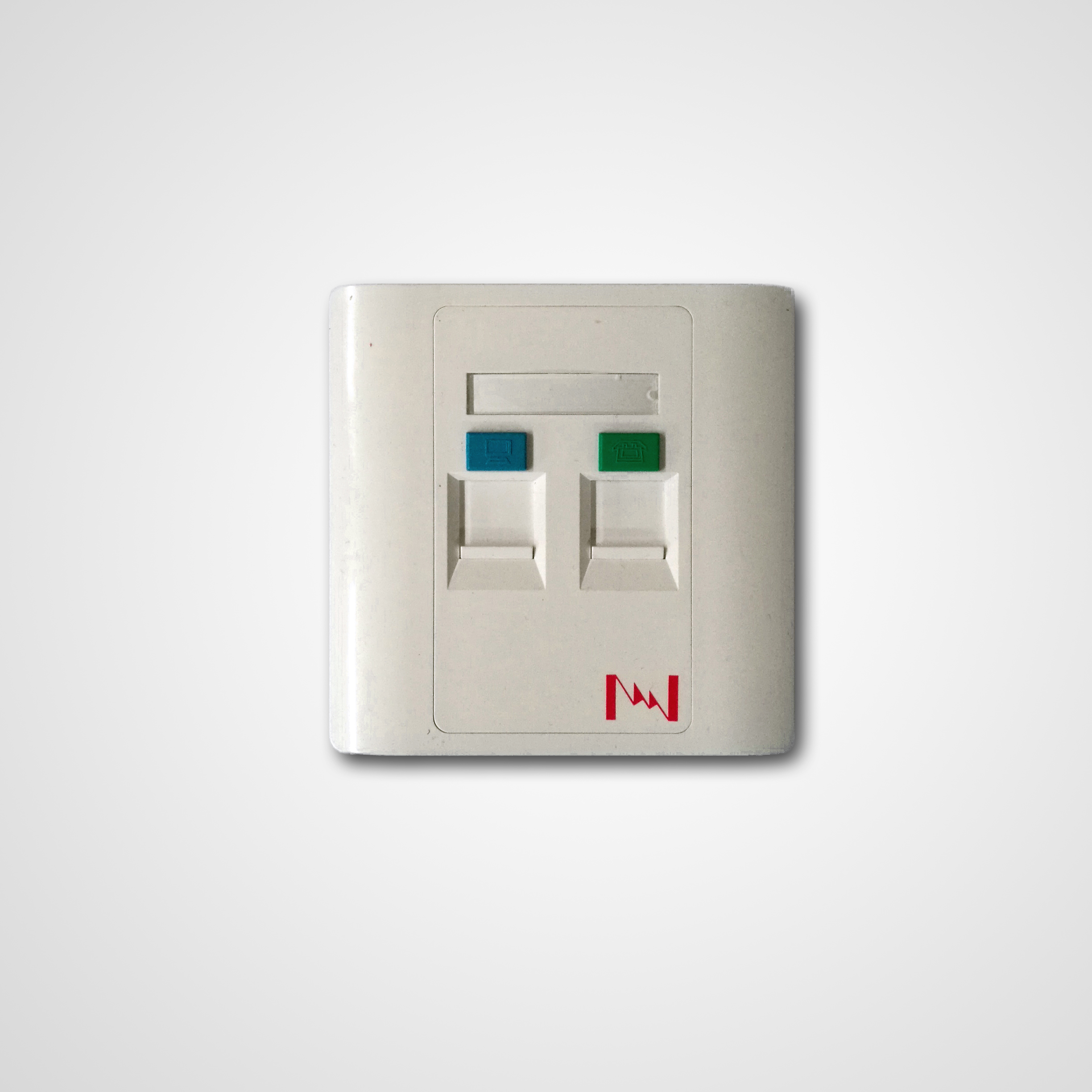 适合Keystone卡口数据模块、语音模块,应用于工作区布线子系统。 It is suitable for Keystone data module and voice module, and is applied to the cabling subsystem of workspace. 采用防火阻燃ABS材料,防撞、阻燃抗冲击,符合UL94V-0等级。 Fireproof and flame-retardant ABS materials are adopted, it makes it collision resistant, flame retardant and anti shock, conform to UL94V-0 grade. 所有插口带有防尘盖,防止灰尘进入。 All the jacks have a dust cover to prevent dust from entering. 上下滑动防尘盖设计,方便用户使用和维护。 Up and down sliding dust cover design, convenient for users to use and maintain. 带有可替换计算机、电话标识。 It is equipped with a double blue network port logo and a green phone port logo. 标签框带有透明有机塑料挡片,方便编号管理和维护管理。 The label frame has transparent organic plastic block, which is convenient for serial number management and maintenance management. 里外双层设计,外层履盖螺丝孔,美观、大方。 Inside and outside the double deck design, the outer cover screw hole, beautiful, generous. 信息面板兼容所有日线信息模块和语音模块。 The information panel is compatible with all the NISSEN's information modules and voice modules.
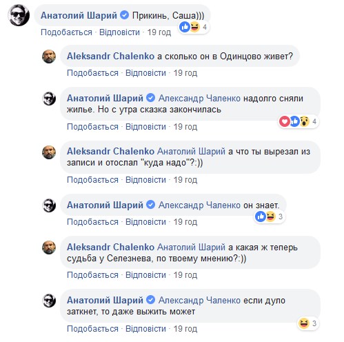 У коментарях під постом Чаленко запитав у Шарія, яка ж доля тепер чекає Селезньова, на що той відповів "якщо дуло заткне, то навіть вижити може".
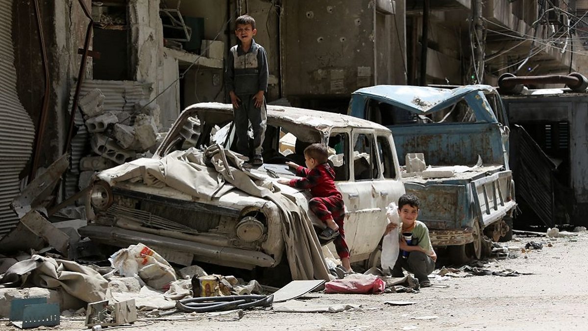 Photo: Syrian boys play on a destroyed car in the former rebel-held Syrian town of Douma on the outskirts of Damascus on April 19, 2018 (STRINGER/AFP/Getty Images)
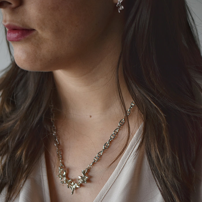 El Collar Sobre Camisa Lokani es una pieza única que combina la elegancia con un diseño moderno y versátil. Hecho a mano en plata o bronce enchapado en oro, este collar está diseñado para ser el complemento perfecto para cualquier estilo. Su diseño lo hace ideal para usar sobre cualquier tipo de camisa, aportando un toque sofisticado y distintivo a tu look diario o para ocasiones especiales. El Collar Sobre Camisa Lokani forma parte de la colección Korala de Maialen Joyería y es perfecto para quienes buscan un accesorio llamativo y lleno de estilo. Eleva tu vestuario con esta pieza exclusiva.

### REQUIREMENT
What the answer must hold is the exact text of every line from the one containing "Photo: Syrian boys" through the end of the data, minus any pictures.

### EXERCISE SOLUTION
 Photo: Syrian boys play on a destroyed car in the former rebel-held Syrian town of Douma on the outskirts of Damascus on April 19, 2018 (STRINGER/AFP/Getty Images)
 El Collar Sobre Camisa Lokani es una pieza única que combina la elegancia con un diseño moderno y versátil. Hecho a mano en plata o bronce enchapado en oro, este collar está diseñado para ser el complemento perfecto para cualquier estilo. Su diseño lo hace ideal para usar sobre cualquier tipo de camisa, aportando un toque sofisticado y distintivo a tu look diario o para ocasiones especiales. El Collar Sobre Camisa Lokani forma parte de la colección Korala de Maialen Joyería y es perfecto para quienes buscan un accesorio llamativo y lleno de estilo. Eleva tu vestuario con esta pieza exclusiva.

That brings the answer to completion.